Tolleshaug H, Berg T, Blomhoff R
Biochem J. 1984 Oct 1;223(1):151-60. doi: 10.1042/bj2230151.
Even though most of the hepatic binding capacity for mannose-terminated glycoproteins has previously been shown to reside in the hepatocytes (not in the non-parenchymal cells), detailed evidence for the specific uptake of mannose-terminated ligands has been lacking. In the present studies, yeast invertase, a large glycoprotein (Mr 270 000) containing about 50% mannose, was shown to be taken up into hepatocytes by receptor-mediated endocytosis. The uptake was saturable and could be specifically inhibited by mannosides or by a Ca2+ chelator. The asialo-glycoprotein receptor was not involved. The low-Mr (13 000) ligand ribonuclease B, which contains a single high-mannose glycan, was not taken up by hepatocytes; however, it was taken up as fast as invertase by non-parenchymal liver cells. After injection of 131I-invertase into a rat in vivo, about one-half of the labelled protein was recovered in the hepatocytes. On a per-cell basis, each endothelial cell contained 3-4 times as much radioactivity as did the hepatocytes. On fractionation of hepatocytes in sucrose gradients, invertase showed a different intracellular distribution from that of asialo-fetuin, in that invertase moved much faster into that region of the gradient where the lysosomes were recovered. This indicates that invertase and asialo-fetuin are not transported intracellularly by identical mechanisms.

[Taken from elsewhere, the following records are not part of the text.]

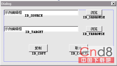 BOOL CDialogDlg::OnInitDialog(){ CDialog::OnInitDialog(); //执行父类默认的初始化对话框操作 // IDM_ABOUTBOX 必须在系统命令范围内。 ASSERT((IDM_ABOUTBOX & 0xFFF0) == IDM_ABOUTBOX); ASSERT(IDM_ABOUTBOX < 0xF000); // 将“关于...”菜单项添加到系统菜单中。 CMenu* pSysMenu = GetSystemMenu(FALSE); //取得此对话框系统菜单的CMenu对象指针,并赋给pSysMenu; if (pSysMenu != NULL) //如果不为空,则 { CString strAboutMenu; //声明一个字符串对象 strAboutMenu.LoadString(IDS_ABOUTBOX); //取得资源IDS_ABOUTBOX预定义字符串,可以 //在资源视图中的String Table查到和设定这个预定义字符串 if (!strAboutMenu.IsEmpty()) //如果不为空,则 { pSysMenu->AppendMenu(MF_SEPARATOR); //向菜单添加一个分隔符 pSysMenu->AppendMenu(MF_STRING, IDM_ABOUTBOX, strAboutMenu); //向菜单添加这个字符串,并将消息ID设为IDM_ABOUTBOX } } // 设置此对话框的图标。当应用程序主窗口不是对话框时,框架将自动 // 执行此操作 SetIcon(m_hIcon, TRUE); // 设置大图标 SetIcon(m_hIcon, FALSE); // 设置小图标 // TODO:在此添加额外的初始化代码 return TRUE; // 除非设置了控件的焦点,否则应该返回 TRUE}以上,就是这个基于对话框的MFC应用程序的基础代码。现在可以直接编译运行,来查看效果。 下面,我将在这些代码的基础上来添加功能,来实现一个复制文件的程序。 首先,我要在资源视图的Dialog中,修改IDD_DIALOG_DIALOG模板: 我首先将对话框模板上面的所有按钮和静态文本全部删掉,添加两个文本框和四个按钮。如果要修改控件的ID值,则要右击控件,点选属性,在ID框中输入任意的ID字符串即可。基本布局如下: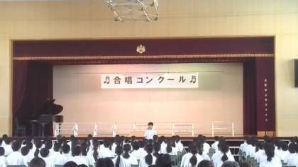 学年代表からの言葉があり、発声練習として校歌を歌い、緊張の中いよいよ1年生の合唱コンクールが始まります。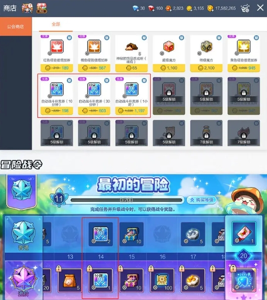 7.公会商店,3级解锁,每种类型和角色每周可购买3次。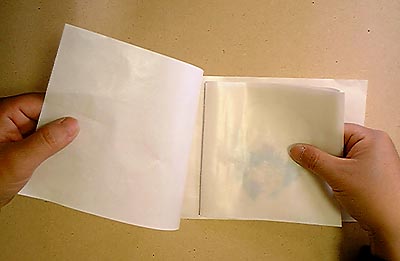 3:押し花アイロンフィルムで挟んだ作品を二つ折り離けい紙に挟みます。 |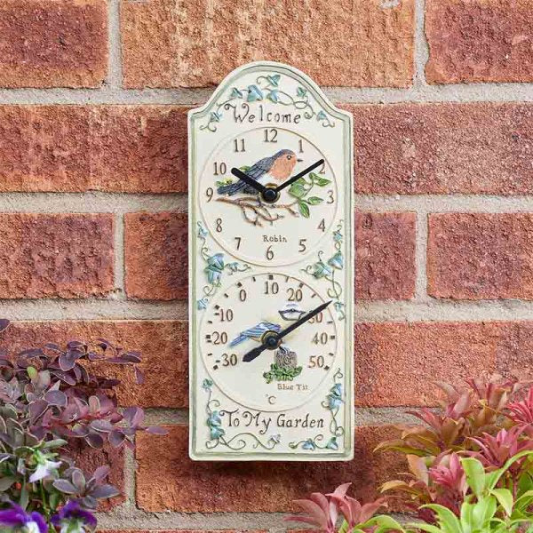 Arabic numbers and skip hand movement. Quartz accuracy with Centigrade reading. Weather resistant hand-painted polyresin. For both indoor and outdoor use. 28.5 x 12 x 2 cm.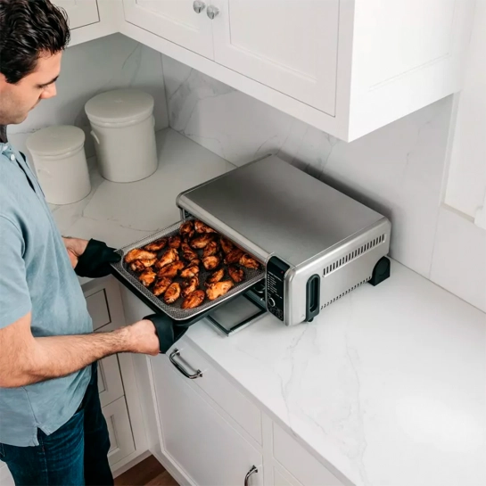 Есть несколько способов обжарки пищи. Самый популярный, конечно же, обработка в масле, однако оно сразу впитывается в продукт, делая его более калорийным и влияя на вкус. Хотите получить больше? Купите электропечь Ninja! Функция аэрофритюра обжаривает ваши крылышки и картофель фри нагретым воздухом, поэтому вы можете использовать на 75% меньше масла или жарить совсем без него. И, таким образом, истинный вкус и аромат с хрустящей золотистой корочкой будут радовать ваши вкусовые рецепторы с Ninja.

尽管先前已表明,肝脏对甘露糖末端糖蛋白的大部分结合能力存在于肝细胞中(而非非实质细胞中),但一直缺乏关于甘露糖末端配体特异性摄取的详细证据。在本研究中,酵母蔗糖酶是一种大型糖蛋白(Mr 270 000),含约50%的甘露糖,已证明它可通过受体介导的内吞作用被肝细胞摄取。摄取具有饱和性,可被甘露糖苷或Ca2+螯合剂特异性抑制。这一过程不涉及去唾液酸糖蛋白受体。低Mr(13 000)配体核糖核酸酶B含有一个高甘露糖聚糖,不能被肝细胞摄取;然而,它被非实质肝细胞摄取的速度与蔗糖酶一样快。将131I标记的蔗糖酶注入大鼠体内后,约一半的标记蛋白在肝细胞中被回收。以每个细胞计算,每个内皮细胞所含的放射性是肝细胞的3 - 4倍。在蔗糖梯度中对肝细胞进行分级分离时,蔗糖酶在细胞内的分布与去唾液酸胎球蛋白不同,蔗糖酶更快地进入梯度中回收溶酶体的区域。这表明蔗糖酶和去唾液酸胎球蛋白在细胞内的运输机制不同。